近年来,大量研究探讨了维生素D受体(VDR)基因限制性片段长度多态性与各类癌症的相关性。据推测,VDR多态性可能会影响癌症发生风险和预后。然而,研究特定VDR多态性与癌症之间关联的研究结果往往存在争议。我们现在对文献进行了系统综述,以分析VDR多态性与个体恶性肿瘤(包括皮肤癌、前列腺癌、乳腺癌、结肠癌、卵巢癌、肾癌和膀胱癌)的相关性。

材料与方法

对评估维生素D受体基因多态性Fok1、Bsm1、Taq1、Apa1和Cdx2、poly(A)和Bgl1以及一些单倍型组合与癌症风险之间关联的研究进行了分析。使用关键词“VDR多态性”与“乳腺癌”“前列腺癌”“皮肤癌”“结直肠癌”“卵巢癌”“肾细胞癌”或“膀胱癌”相结合,从PubMed中提取数据。

结果

进行该分析旨在全面概述所有关于VDR多态性与癌症相关性的数据。显然,目前仍无法就VDR基因型对癌症发生的重要性做出任何明确的论断。

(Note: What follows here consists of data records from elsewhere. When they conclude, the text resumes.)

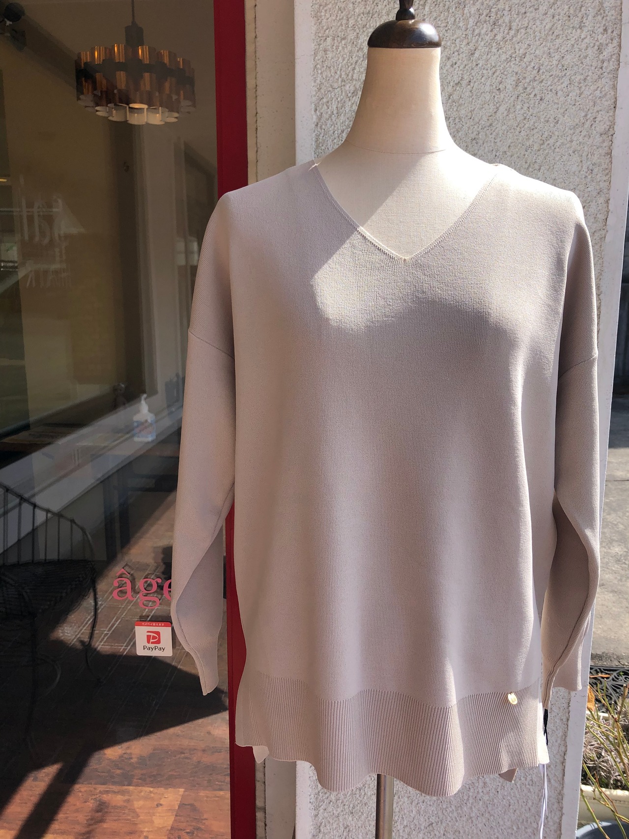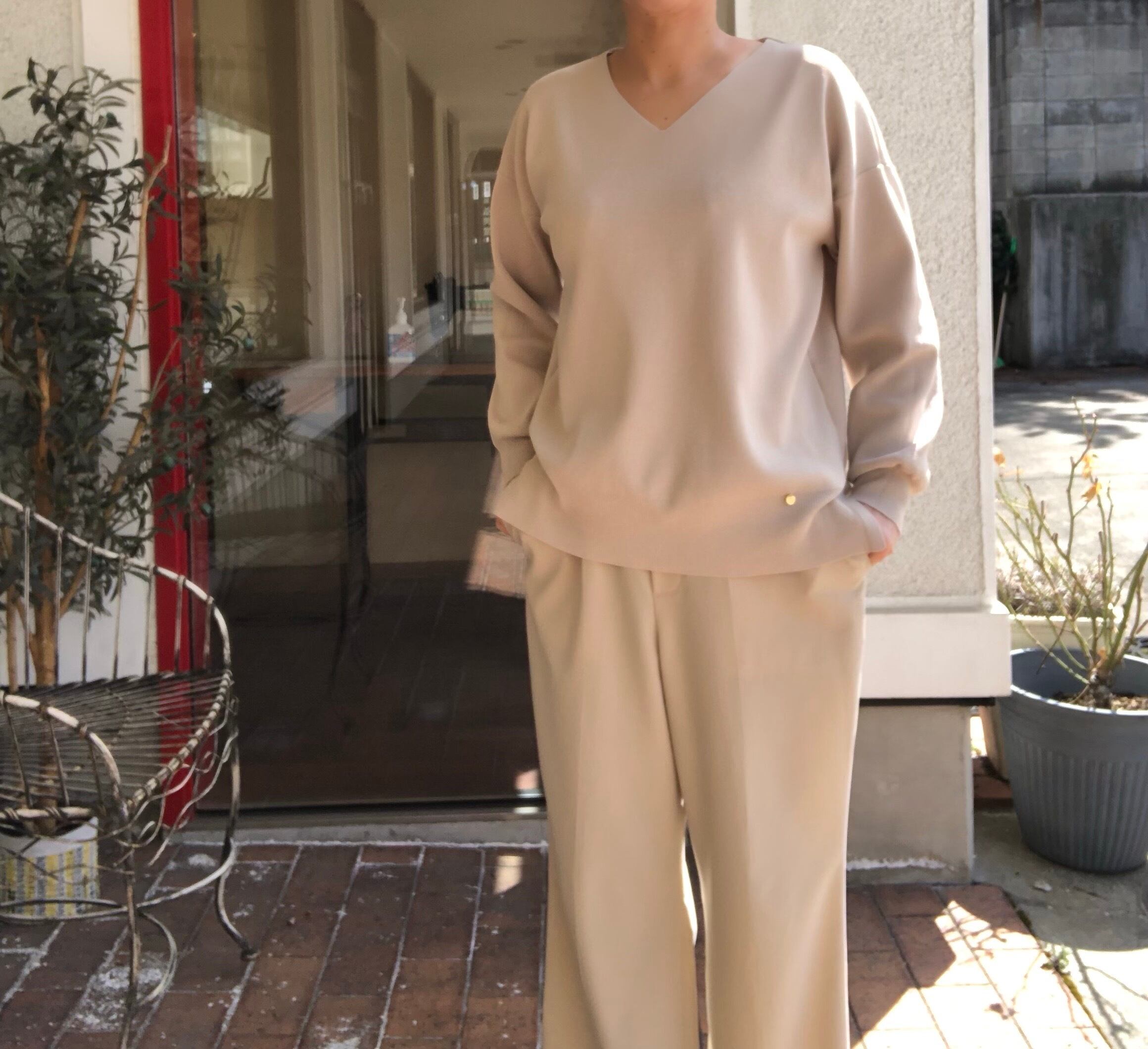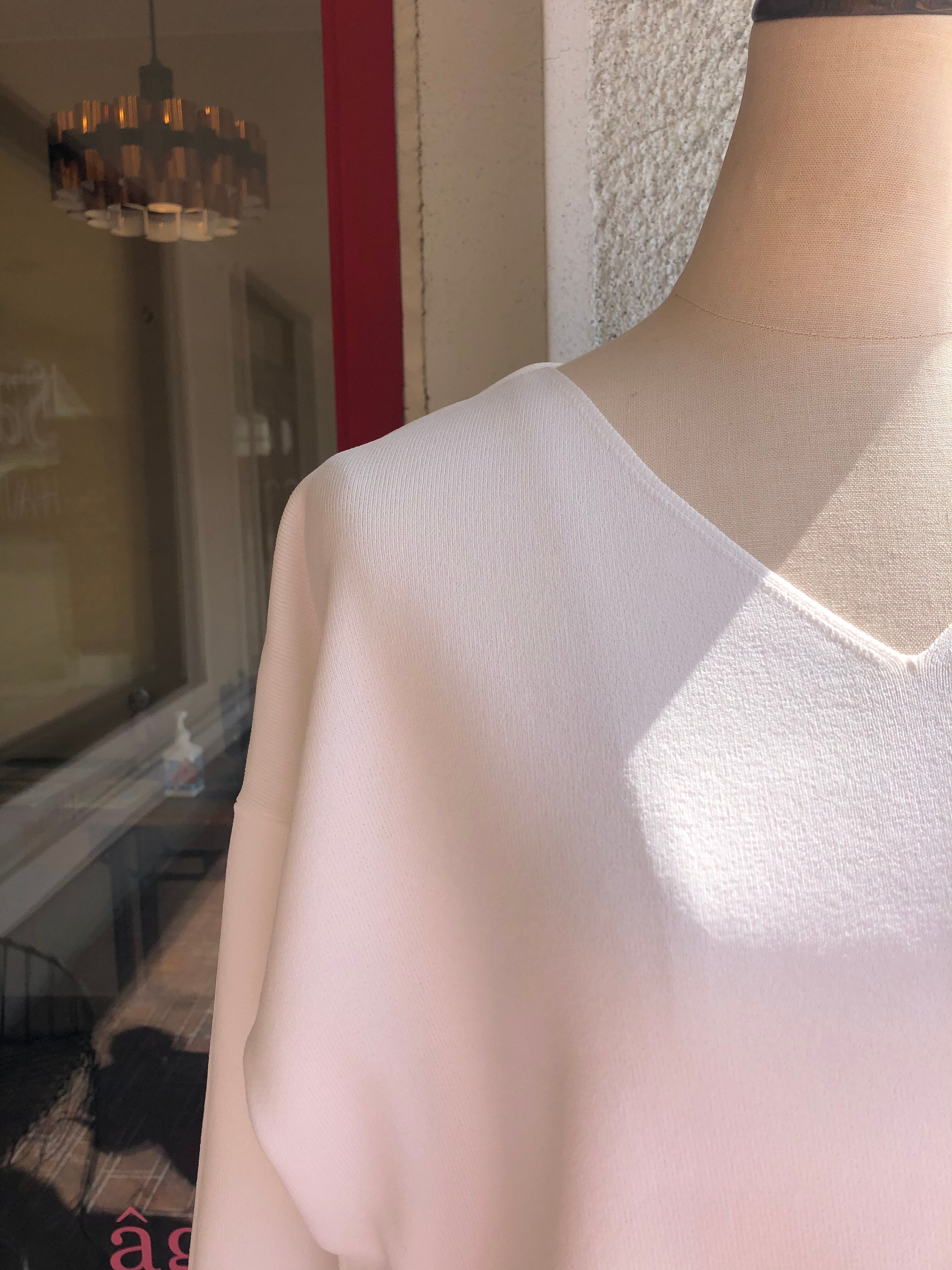 型崩れもしにくく、身体のラインを拾いにくいサーブルストレッチ糸を使用したV襟プルオーバー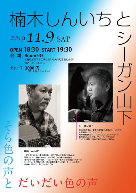 そら色の声とだいだい色の声 楠木しんいち Vo&G シーガン山下 Vo&G 2019年11月9日(土) OPEN 18:30 START 19:30 会場 Room335 京都市中京区材木町178-3先斗町日高ビル3F (木屋町三条下ル二筋目東入ル) 電話 0752117735 チャージ 2000円 (要: 別途2オーダー) 楠木しんいち 1957年 生まれ、高知県出身。1977年より京都に住み始め、関西フォークを聴き始める( → 中川五郎・古川豪・豊田勇造...)オリジナル曲も作り始め、1983年 ギターを持って ヒッチハイクの旅に出る、北海道〜九州へと。旅と京都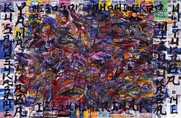 그림을 자세히 보면 중앙에 알아보기 힘든 물체들이 서로 뒤엉켜있습니다. 주로 푸른색과 붉은색으로 칠해져 있습니다. 중앙하단을 보면 눈과 주둥이가 그려져 있고, 그 뒤로 작은 지느러미 같이 생긴 것이 달려있는 것이 보입니다. 분명 물고기입니다. 주변으로는 알 수 없는 문자들로 가득 채워져 있습니다. 한자처럼 보이기도 하고 군데군데 알파벳이 보이는 듯합니다. 이런 형태인데 읽을 수 없는 문자는 범어 梵語(산스크리트어)일 텐데, 잘 모르겠습니다. 그리고 캔버스 가득 배경으로 채워져 있는 것은 가만히 보니 여행잡지들입니다. 클럽메드도 있고, 항공사에서 발행한 잡지도 있네요. 무슨 뜻인지, 그리고 이게 애튜섬 전투와 무슨 관계인지는 더더욱 모르겠습니다.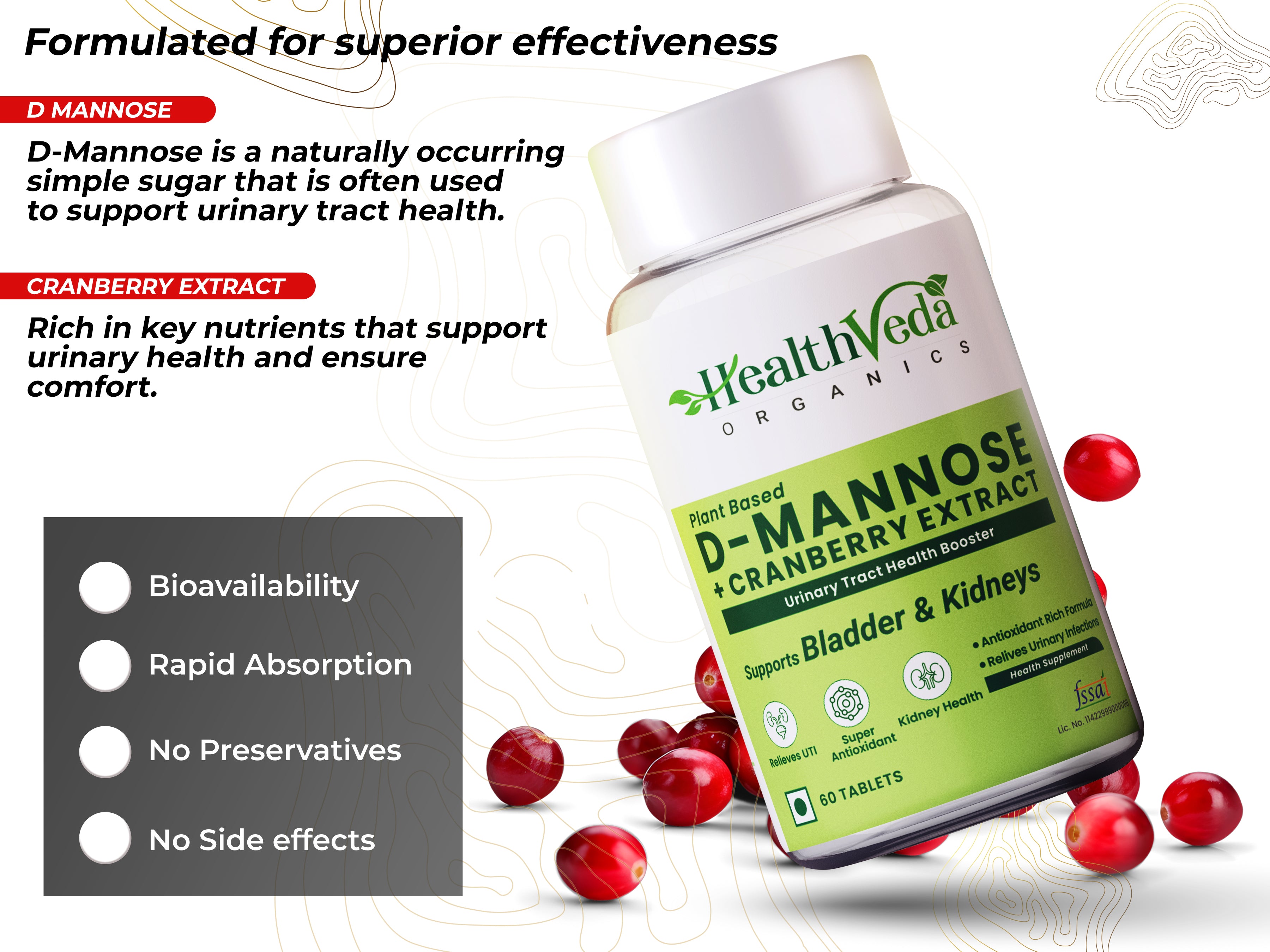 - IMPROVE URINARY TRACT HEALTH: Health Veda Organics D-MANNOSE + CRANBERRY EXTRACT Tablets loaded with Antioxidants and Antimicrobial properties for optimal urinary tract health.

与其他因素(如钙和维生素D摄入量、25(OH)D血浆水平和紫外线辐射暴露)的相互作用似乎在癌症发生中起决定性作用,不应被低估。其他风险因素(如肥胖、吸烟状况、生育状况、能量摄入等)也经常被提及,根据VDR基因型,它们对致癌作用或多或少都很重要。此外,人们经常注意到,相同的VDR多态性根据癌症类型有不同的影响,或者可能仅对肿瘤的侵袭性分期或多或少起决定性作用。

结论

在乳腺癌(Fok1、Bsm1、Taq1、Apa1、poly(A))、前列腺癌(Fok1、Bsm1、Taq1、poly(A))、皮肤癌(Fok1、Bsm1、A - 1210)、结直肠癌(Fok1、Bsm1)、卵巢癌(Fok1、Apa1)和膀胱癌(Fok1)以及肾细胞癌(Taq1、Apa1)中,均报道了与VDR多态性存在显著关联。然而,大多数恶性肿瘤的相关数据存在冲突。在仔细评估现有文献后,可以总结出,表明VDR多态性与癌症风险相关的数据在乳腺癌(Bsm1、Fok1)、前列腺癌(Fok1)和恶性黑色素瘤(MM)(Fok1)中最为有力。表明VDR多态性与癌症预后相关的数据在前列腺癌(Fok1)、乳腺癌(Bsm1、Taq1)、MM(Bsm1)和肾细胞癌(Taq1)中最为有力。